● Your objective: Where an image appears in the data, omit it and reproduce the rest exactly.

● Source data:
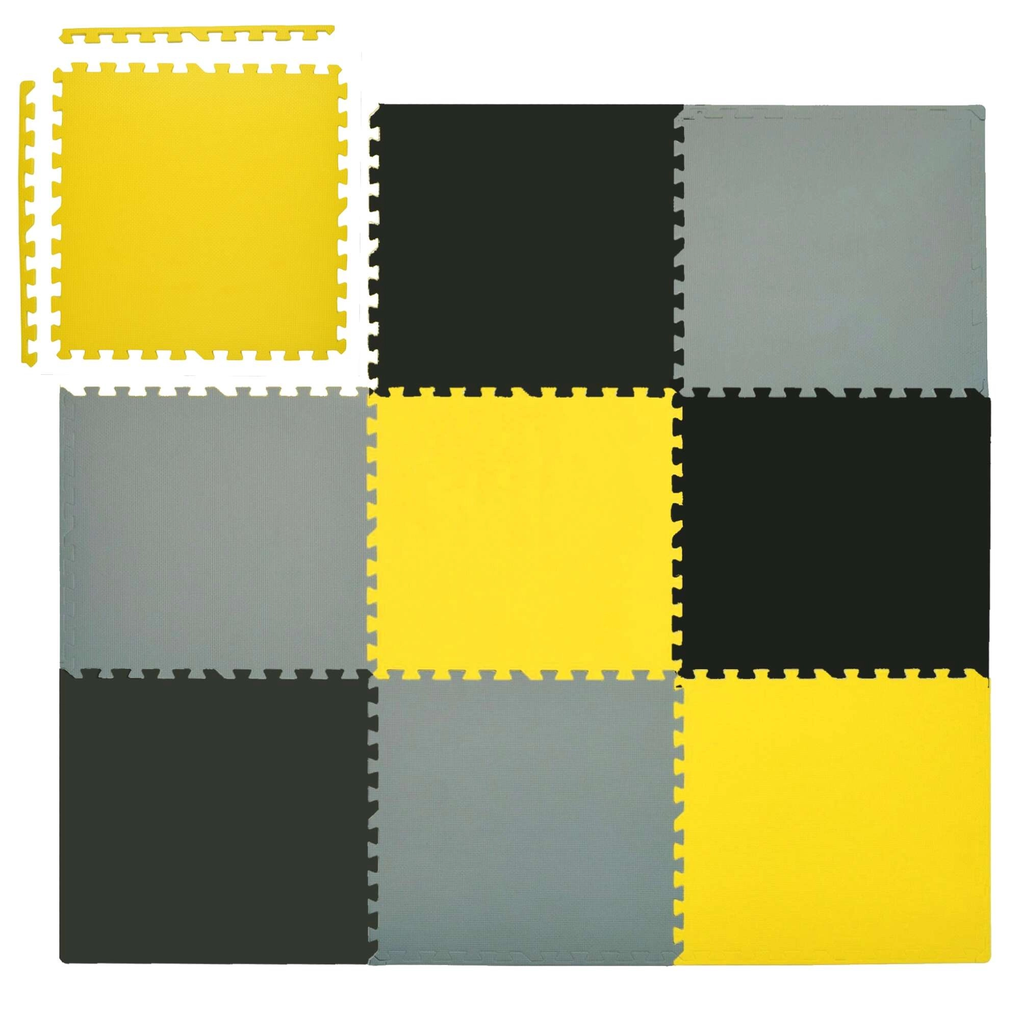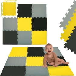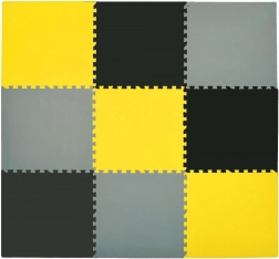 Pjenaste puzzle HUMBI stvaraju prilagodljivu igraću površinu u blagim bojama žute, sive i crne. Dijelovi precizno naliježu jedan u drugi, pa brzo sastavite sigurno mjesto za igru na svakoj tvrdoj podlozi. Zahvaljujući debljini od 1 cm podloga izolira od hladnoće i ublažava padove, što ćete cijeniti pri prvim pokušajima sjedenja, puzanja i hodanja.
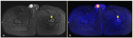 Axial turbo-inversion recovery magnitude (TIRM) image (a) and fused axial TIRM and [18F]FDG-positron emission tomography (PET) (b) of the PET/MR scan of a 13 year-old boy affected by Hodgkin’s lymphoma, performed for re-evaluation after chemotherapy (ERA-PET), clearly demonstrating the presence of an ischemic lesion in the left femur (orange arrow in (a)) with mild, focal uptake (SUVmax 2.4, orange arrow in (b)).
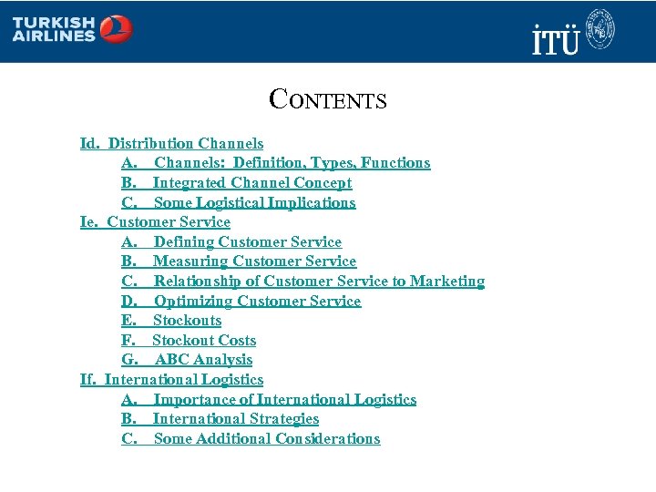 CONTENTS Id. Distribution Channels A. Channels: Definition, Types, Functions B. Integrated Channel Concept C. Some Logistical Implications Ie. Customer Service A. Defining Customer Service B. Measuring Customer Service C. Relationship of Customer Service to Marketing D. Optimizing Customer Service E. Stockouts F. Stockout Costs G. ABC Analysis If. International Logistics A. Importance of International Logistics B. International Strategies C. Some Additional Considerations
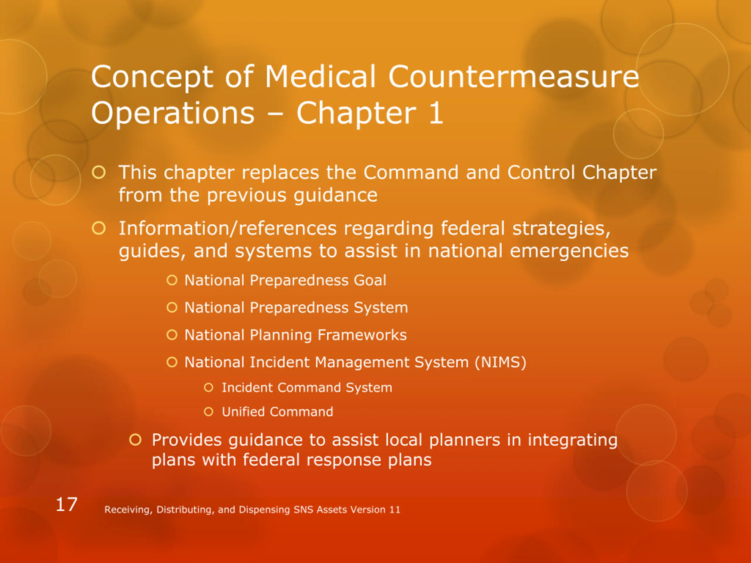 Concept of Medical Countermeasure Operations Chapter 1 This chapter replaces the Command and Control Chapter from the previous guidance Information/references regarding federal strategies, guides, and systems to assist in national emergencies National Preparedness Goal National Preparedness System National Planning Frameworks National Incident Management System (NIMS) Incident Command System Unified Command Provides guidance to assist local planners in integrating plans with federal response plans 17 Receiving, Distributing, and Dispensing SNS Assets Version 11

● Exercise response:
 Pjenaste puzzle HUMBI stvaraju prilagodljivu igraću površinu u blagim bojama žute, sive i crne. Dijelovi precizno naliježu jedan u drugi, pa brzo sastavite sigurno mjesto za igru na svakoj tvrdoj podlozi. Zahvaljujući debljini od 1 cm podloga izolira od hladnoće i ublažava padove, što ćete cijeniti pri prvim pokušajima sjedenja, puzanja i hodanja.
 Axial turbo-inversion recovery magnitude (TIRM) image (a) and fused axial TIRM and [18F]FDG-positron emission tomography (PET) (b) of the PET/MR scan of a 13 year-old boy affected by Hodgkin’s lymphoma, performed for re-evaluation after chemotherapy (ERA-PET), clearly demonstrating the presence of an ischemic lesion in the left femur (orange arrow in (a)) with mild, focal uptake (SUVmax 2.4, orange arrow in (b)).
 CONTENTS Id. Distribution Channels A. Channels: Definition, Types, Functions B. Integrated Channel Concept C. Some Logistical Implications Ie. Customer Service A. Defining Customer Service B. Measuring Customer Service C. Relationship of Customer Service to Marketing D. Optimizing Customer Service E. Stockouts F. Stockout Costs G. ABC Analysis If. International Logistics A. Importance of International Logistics B. International Strategies C. Some Additional Considerations
 Concept of Medical Countermeasure Operations Chapter 1 This chapter replaces the Command and Control Chapter from the previous guidance Information/references regarding federal strategies, guides, and systems to assist in national emergencies National Preparedness Goal National Preparedness System National Planning Frameworks National Incident Management System (NIMS) Incident Command System Unified Command Provides guidance to assist local planners in integrating plans with federal response plans 17 Receiving, Distributing, and Dispensing SNS Assets Version 11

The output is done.